No possible problem. Just don’t give it to a political party. If a charitable donation, it might not be deductible.
@portland, thanks. Didn’t think there was, but never sure about these things really. As said, just hypothetical atm. But something I might like to do some day if I ever did win the lottery.
https://www.irs.gov/businesses/gifts-from-foreign-person
@BirdPerson thanks for that. Knew sort of about the covered expat thing, but wasn’t sure if there might be something similar if you’re not a covered.
I wonder how heirs would even know about the ‘covered’ thing, particularly if the overseas non USC dies years after renouncing. Not unless s/he told them.
@BP & Medea
As far as I know, the covered question has yet to appear on the IRS Estate and gift tax reporting form that is filed by the heirs. Maybe the IRS realize this proposal would be counter productive.

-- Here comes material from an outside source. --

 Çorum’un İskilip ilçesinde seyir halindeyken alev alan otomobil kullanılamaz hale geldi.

“Court of Federal Claims Holds that Not Reading The Schedule B Foreign Account False Answer Justifies FBAR Willful Penalty”
Stipulated facts include:
“• Plaintiff did not review her individual income tax returns for accuracy for tax years 2003 through 2008. Stip. ¶ 46.

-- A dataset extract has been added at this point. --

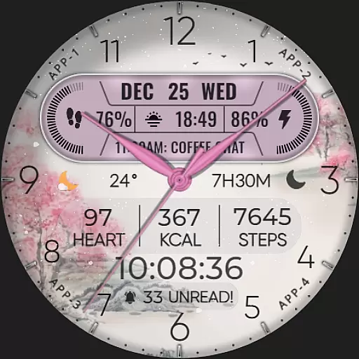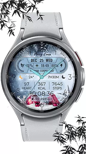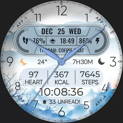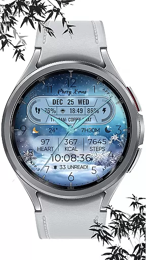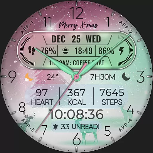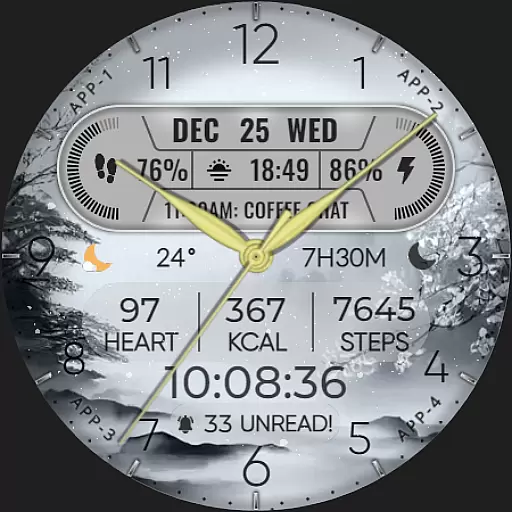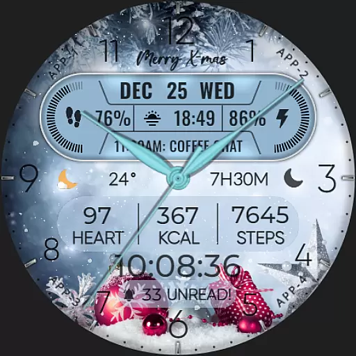 The app supports hybrid styles and includes features such as displaying the date, day of the week, and month. With 8 editable complications, users can choose from a variety of data points including steps count, heart rate, battery level, next event, unread messages, sunrise & sunset times, and calories burned. Additionally, it offers 10 colors and 10 styles to match personal preferences, along with a festive snow falling animation for the X-max season.

• Plaintiff answered “No” to Question 7(a) on her 2007 income tax return, falsely representing under penalty of perjury, that she had no foreign bank accounts. Stip. ¶ 48.”
A comment in the article:
“…Practitioners should note that this rather cryptic holding seems to put at risk all taxpayers who on the Forms 1040 checked “No” in the foreign account box on Schedule B. Of course, Kimble’s facts beyond that Schedule B check mark were consistent with the willful penalty but as the Court posited its conclusion perhaps the “No” answer only would suffice…”
From:
http://federaltaxcrimes.blogspot.com/2018/12/court-of-federal-claims-holds-that-not.html#more
@ Stephen Kish
Both Kimble and Bedrosian are US residents which made it easy and apparently penalty profitable for the IRS to drag them into the US unjustice system. Their judges need to be given a good dosing of castor oil to rid themselves of the “kool aid”. (Afterwards a few sweet sips of empathy would be appropriate too.) Willful does apply in these two cases but it’s on the IRS side — willful prosecution for the purpose of reaping FBAR penalties. But, of course, my opinion counts for naught.
@Kish
You may recall that I wrote “Fifth Amendment” on the Schedule B question.
It seems to me that there was an earlier court decision that came to the opposite conclusion–that a no answer was not an indication of willful FBAR avoidance. But it’s been about 6 years since I saw that.

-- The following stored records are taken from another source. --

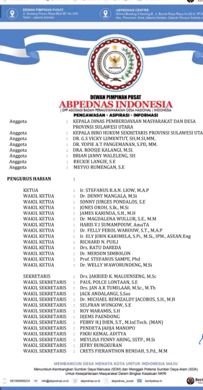 SULUT, ManadoTEMPO – Pasca menerima mandat resmi dari Dewan Pimpinan Pusat (DPP) ABPEDNAS melalui Ketua Umum ABPEDNAS Indonesia Ir. H. Indra Utama, M.PWK, IPU dan Prof. Dr. Reda Manthovani, S.H., LL.M.. Ketua Dewan Pengawas, Jaksa Agung Muda Intel. langkah nyata mulai dipersiapkan untuk memperkuat tata kelola desa. Kepercayaan ini disambut sebagai sebuah pertanggungjawaban moral yang besar untuk membawa perubahan signifikan di tingkat akar rumput.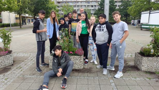 Im Rahmen des WP7 Kurses urban gardening haben Schülerinnen und Schüler der Stadtteilschule Mümmelmannsberg mit dem Bezirksamt Hamburg-Mitte eine Grünpatenschaft abgeschlossen... jetzt geht's an die Kübel...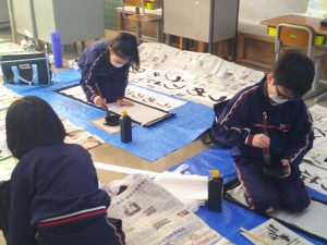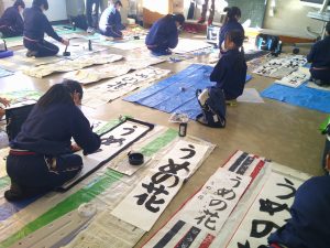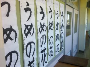 3年生は書初めの練習を頑張っています。書初めは、「うめの花」です。3年生になって初めての毛筆に挑戦しています。一字一字丁寧に練習していました。力強い字になってきましたね。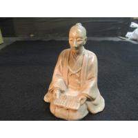 ここで紹介した商品は萩焼の名門坂高麗左衛門が作った幕末の学者として多くの明治維新の志士たちを教え導いた吉田松陰の座像です。中でも十一代の高麗左衛門は特に人物の表現や表情を巧みに作り出した作家として知られています。作り出された作品の表情やそこに醸し出される雰囲気は作られた人物の内面をも表現しているようです。この吉田松陰坐像でも松陰の落ち着いた人間性や性格の厳しさが伺える出来となっています。傷や汚れがあります。サイズ:9cmx10cmx12cm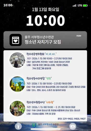 이번 청소년 자치기구 모집은 1월 13일부터 2월 21일까지 진행되며, 자세한 사항은 울주 서부청소년수련관 홈페이지 및 전화 문의를 통해 확인할 수 있다.

There’s a difference between giving a false answer and refusing to answer.
However, as far as I can tell, Tax Court is the only US court that still upholds US Supreme Court rulings US v. Sullivan and Garner v. US. Circuit courts have consistently overturned Supreme Court and overturned the 5th Amendment. Anyway, those Supreme Court rulings recognized the right not to answer specific questions as long as the full amount of income was declared.
https://www.thedailybeast.com/scotus-strikes-unanimous-blow-to-civil-asset-forfeiture?
Clearly they would also find some if not all FBAR fines on foreign residents home accounts to be excessive.
Trouble is no one can afford the fight.
There are still many people grappling with US extraterritorial taxation, FBAR, FATCA, etc.
Lots of responses from Canada, UK, France, etc. – see n= of respondents at end of report.
https://www.democratsabroad.org/carmelan/tax_filing_from_abroad_2019_research_on_non-resident_americans_and_u_s_taxation
Caveat; I’m not a DA, and do not belong to any political party. Posting merely for those who might want to use the results as evidence of the continued depth of the problem and burden.